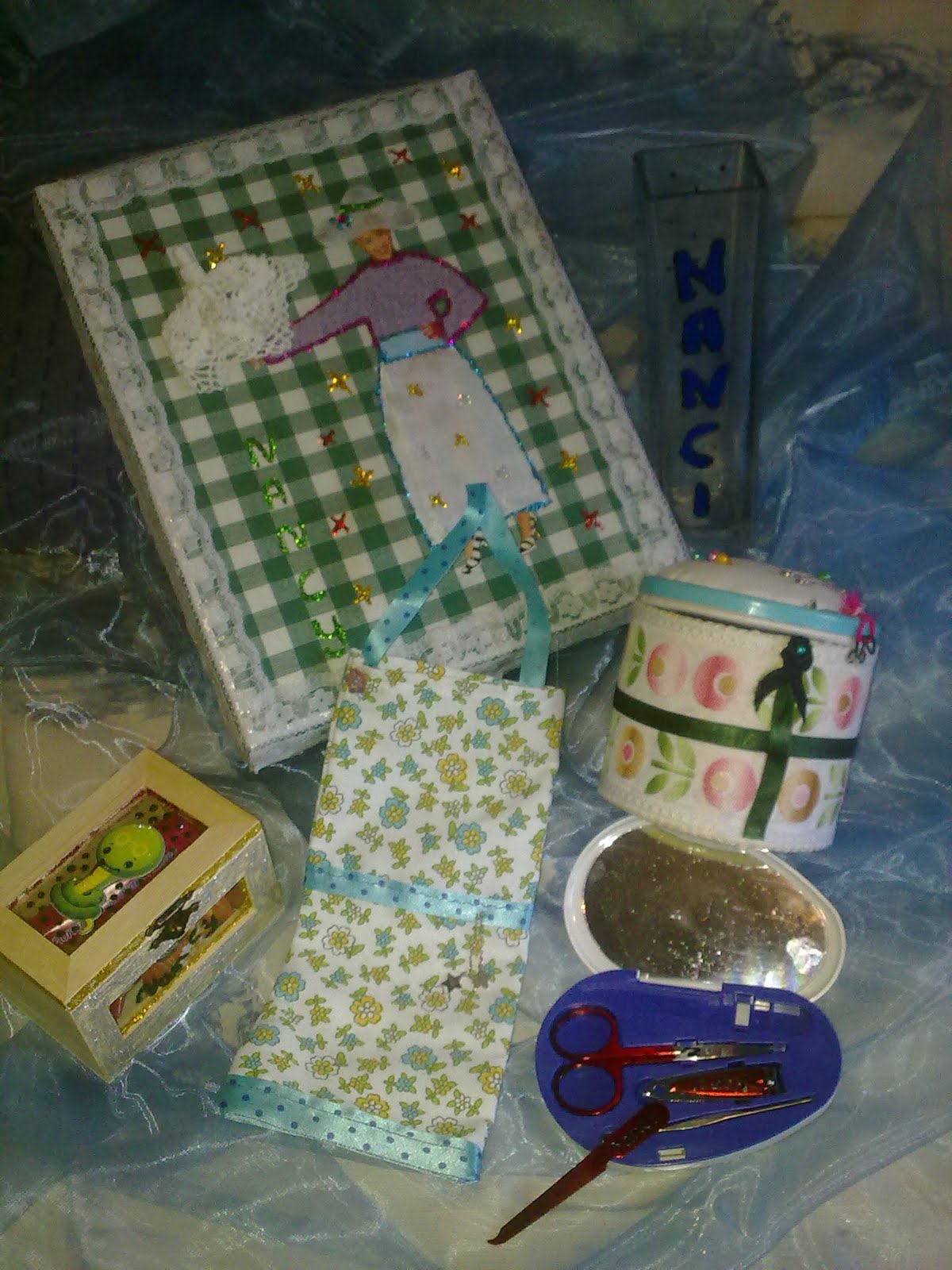 Estos son los regalos de mis compis del trabajo: una caja decorada modelo Sta. Pepins versión Hanna Montana, una caijta decorada de madera con chuches, un florero personalizado, un costurero para la taquilla, un estuche de manicura personalizado para la taquilla y una bolsita que todas tenemos en nuestra puerta para guardar las tijeras.....
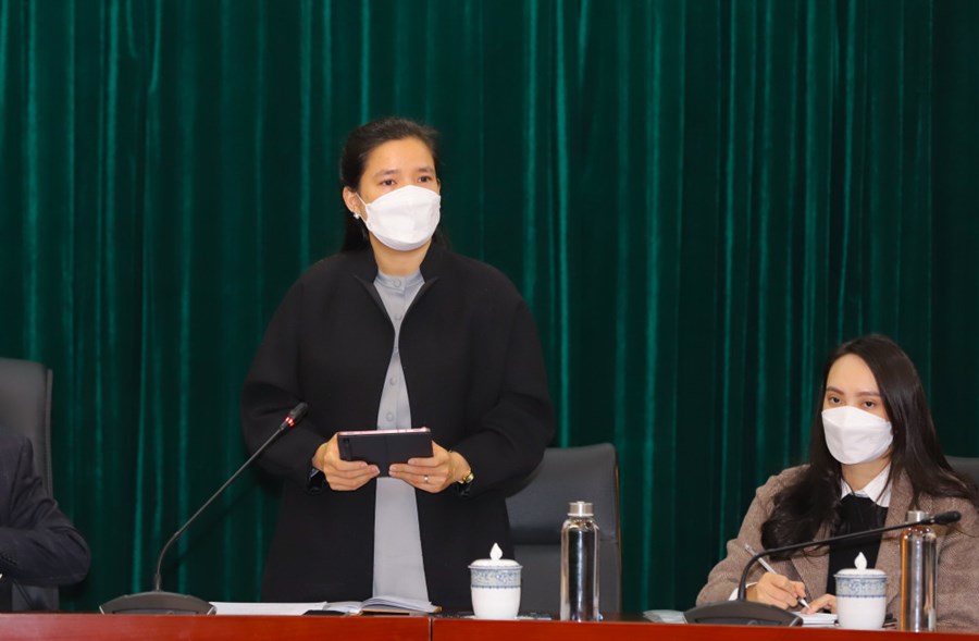 Đồng chí Vương Toàn Thu Thủy, Phó Bí thư Thành đoàn Hải Phòng báo cáo về công tác chuẩn bị Lễ Biểu dương Học sinh, sinh viên xuất sắc tiêu biểu thành phố Hải Phòng năm 2021.
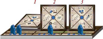 Then, the other players in clockwise direction take their first actions. The players repeat this procedure for their 2nd authorization card (center), then for their 3rd authorization card (right).

Exercise brief: A word-for-word copy of all the data is required, minus the pictures.

Result below:
 Estos son los regalos de mis compis del trabajo: una caja decorada modelo Sta. Pepins versión Hanna Montana, una caijta decorada de madera con chuches, un florero personalizado, un costurero para la taquilla, un estuche de manicura personalizado para la taquilla y una bolsita que todas tenemos en nuestra puerta para guardar las tijeras.....
 Đồng chí Vương Toàn Thu Thủy, Phó Bí thư Thành đoàn Hải Phòng báo cáo về công tác chuẩn bị Lễ Biểu dương Học sinh, sinh viên xuất sắc tiêu biểu thành phố Hải Phòng năm 2021.
 Then, the other players in clockwise direction take their first actions. The players repeat this procedure for their 2nd authorization card (center), then for their 3rd authorization card (right).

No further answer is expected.